In this embodiment, the method of querying multi-dimensional information mass data is realized by using the MapReduce programming model. MapReduce consists of four parts: InputFormatter, Mapper, Reducer, and OutputFormatter, which correspond to the four steps of refining data, changing dimension levels, and aggregating and outputting result sets. Its operation process is shown in Figure 9.
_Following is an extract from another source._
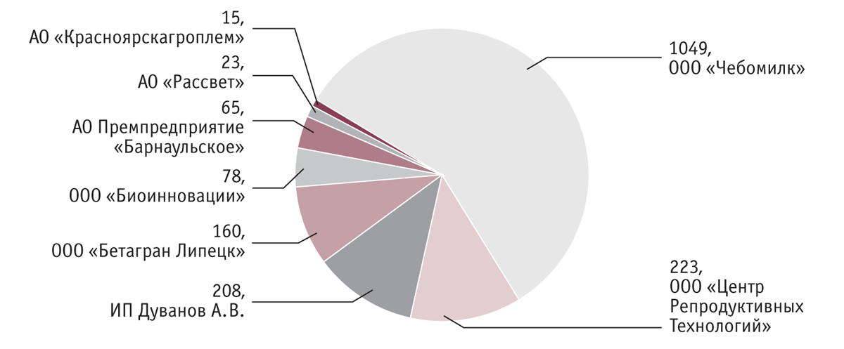 Из восьми лабораторий ТЭ крупного рогатого скота семь извлекали эмбрионы у доноров молочных пород. Производством и ТЭ мясных пород занимались эмбриологи «Центра Репродуктивных Технологий» из Самарской области.

In this embodiment, the coordinates of the data blocks that pass the coarse data screening are <4, 0, 0>, and the corresponding data block name is 4, where 4 is linearized from the data block coordinates. InputFormatter reads data at the file level, so InputFormatter reads the data block file that has passed the rough screening, that is, data block file 4. InputFormatter reads all the records in data block 4 in turn, each record is in <key, value> format, where key is the linearized coordinate of the currently read cell, and value is the data in the current cell value. Afterwards, the InputFormatter delinearizes the key, and then obtains the coordinates of the data in the data cube, and compares it with the query range. If it meets the query range, the data is kept, otherwise, the data is discarded. For example, InputFormatter reads a piece of data as <3961241, 20>, and delinearizes the linearized coordinate 3961241 to obtain the coordinate <2570, 4, 0>, where the range of query data in this embodiment is <2570 , 4, 0> to <2769, 31, 9>, then the piece of data meets the query range, and enters the next step to change the cell dimension level. Otherwise, the data is discarded.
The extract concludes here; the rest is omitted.